From the listing below, output the lines between the one with "Autoridades e professores" and the one with "MSQ 15pcs Pro", including those two, and nothing else. Pictures are not copied.

● Listed records
== Segment start ==

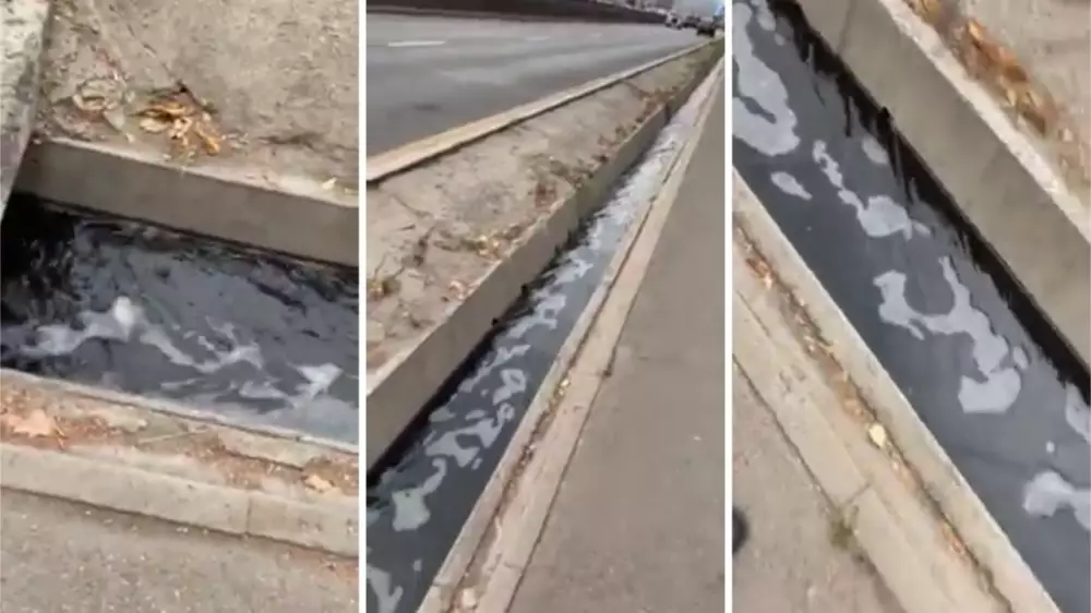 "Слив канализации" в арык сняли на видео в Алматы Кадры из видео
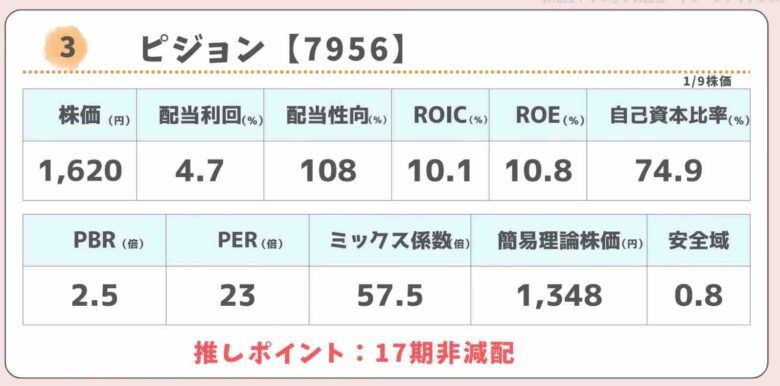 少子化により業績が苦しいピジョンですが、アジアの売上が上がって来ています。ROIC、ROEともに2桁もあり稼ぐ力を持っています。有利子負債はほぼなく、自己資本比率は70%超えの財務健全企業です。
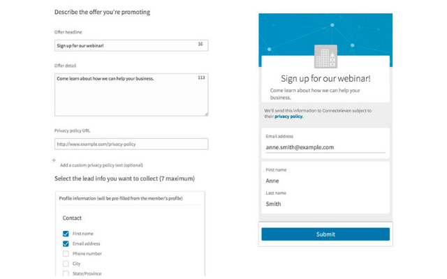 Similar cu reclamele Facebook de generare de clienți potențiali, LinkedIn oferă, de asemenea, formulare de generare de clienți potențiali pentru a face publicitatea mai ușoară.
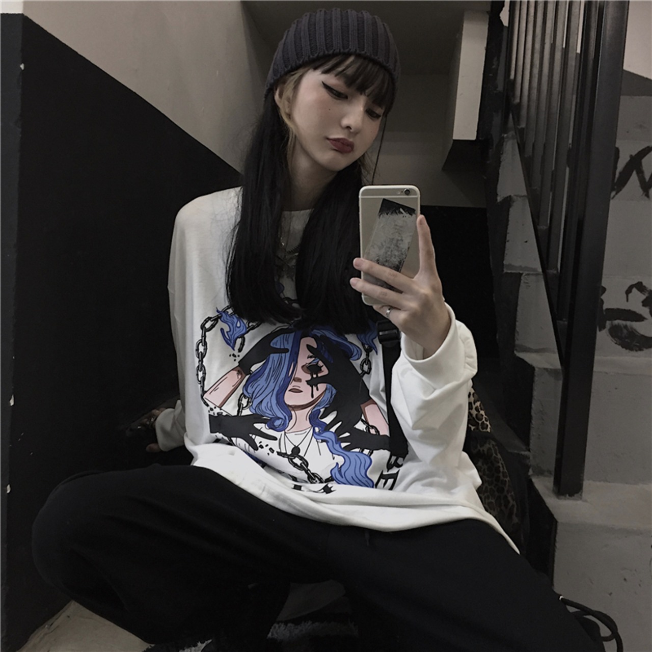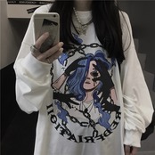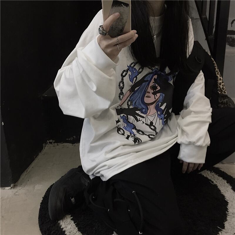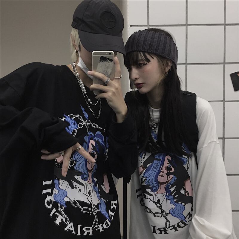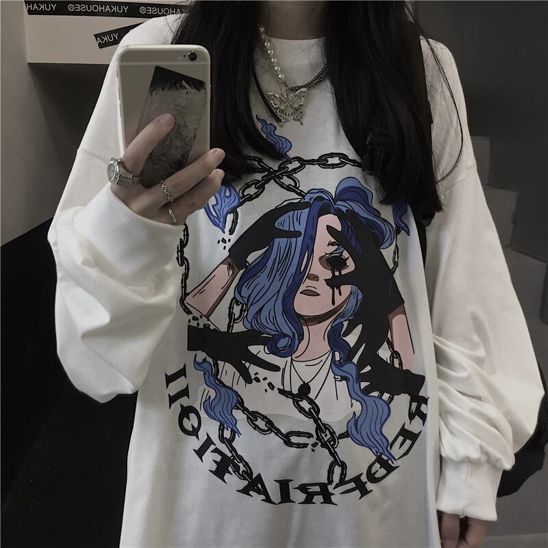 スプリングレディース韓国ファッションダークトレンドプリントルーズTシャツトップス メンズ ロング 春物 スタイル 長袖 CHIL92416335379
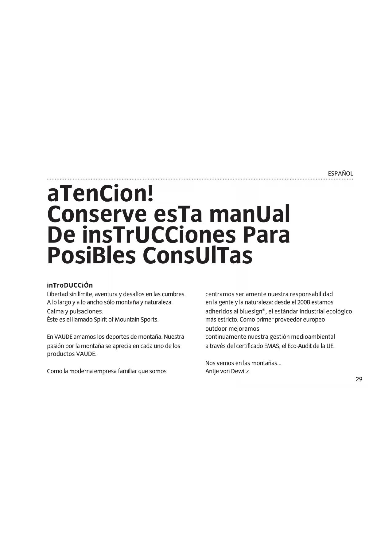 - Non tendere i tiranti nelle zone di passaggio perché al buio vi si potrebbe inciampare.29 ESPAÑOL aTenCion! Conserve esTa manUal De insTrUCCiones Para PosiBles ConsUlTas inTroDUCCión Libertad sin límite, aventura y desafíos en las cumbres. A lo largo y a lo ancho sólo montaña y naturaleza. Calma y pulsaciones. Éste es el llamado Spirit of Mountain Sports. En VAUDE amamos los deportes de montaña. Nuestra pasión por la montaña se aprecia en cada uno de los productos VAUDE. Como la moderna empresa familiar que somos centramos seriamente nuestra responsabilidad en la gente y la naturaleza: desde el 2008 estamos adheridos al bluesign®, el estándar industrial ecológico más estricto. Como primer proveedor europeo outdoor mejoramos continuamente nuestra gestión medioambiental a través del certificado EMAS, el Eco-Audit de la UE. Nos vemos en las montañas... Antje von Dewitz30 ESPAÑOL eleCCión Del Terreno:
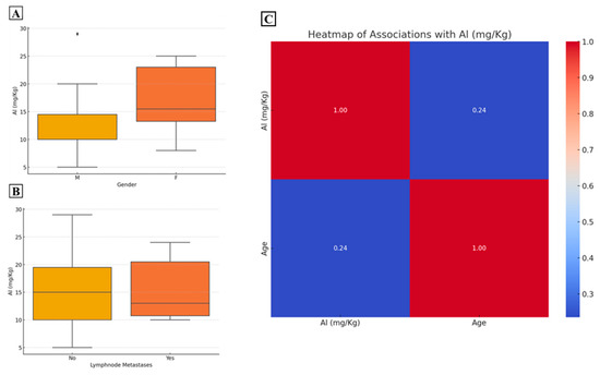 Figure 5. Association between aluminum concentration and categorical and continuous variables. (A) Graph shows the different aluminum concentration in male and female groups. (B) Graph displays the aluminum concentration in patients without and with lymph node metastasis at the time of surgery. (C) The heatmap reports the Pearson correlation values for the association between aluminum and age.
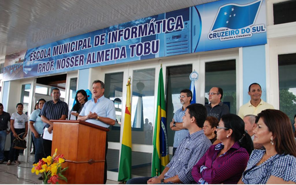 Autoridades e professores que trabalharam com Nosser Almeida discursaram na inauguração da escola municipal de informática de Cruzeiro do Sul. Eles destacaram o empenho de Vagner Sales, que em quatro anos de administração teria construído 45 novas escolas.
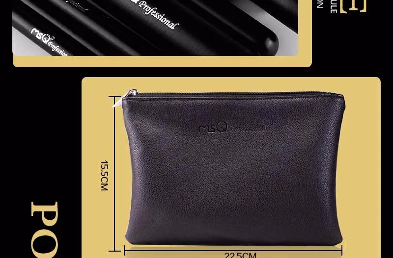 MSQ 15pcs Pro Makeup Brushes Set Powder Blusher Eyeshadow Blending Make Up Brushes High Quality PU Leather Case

== Segment end ==
== Segment start ==

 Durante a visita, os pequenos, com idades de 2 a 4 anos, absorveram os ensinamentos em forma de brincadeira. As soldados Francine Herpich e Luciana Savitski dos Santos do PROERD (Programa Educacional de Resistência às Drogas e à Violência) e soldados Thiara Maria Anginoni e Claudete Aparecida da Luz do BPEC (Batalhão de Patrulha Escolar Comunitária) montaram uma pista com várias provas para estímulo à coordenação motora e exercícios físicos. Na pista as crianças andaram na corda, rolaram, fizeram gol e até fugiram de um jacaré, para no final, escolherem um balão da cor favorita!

== Segment end ==

● Written response
 Autoridades e professores que trabalharam com Nosser Almeida discursaram na inauguração da escola municipal de informática de Cruzeiro do Sul. Eles destacaram o empenho de Vagner Sales, que em quatro anos de administração teria construído 45 novas escolas.
 MSQ 15pcs Pro Makeup Brushes Set Powder Blusher Eyeshadow Blending Make Up Brushes High Quality PU Leather Case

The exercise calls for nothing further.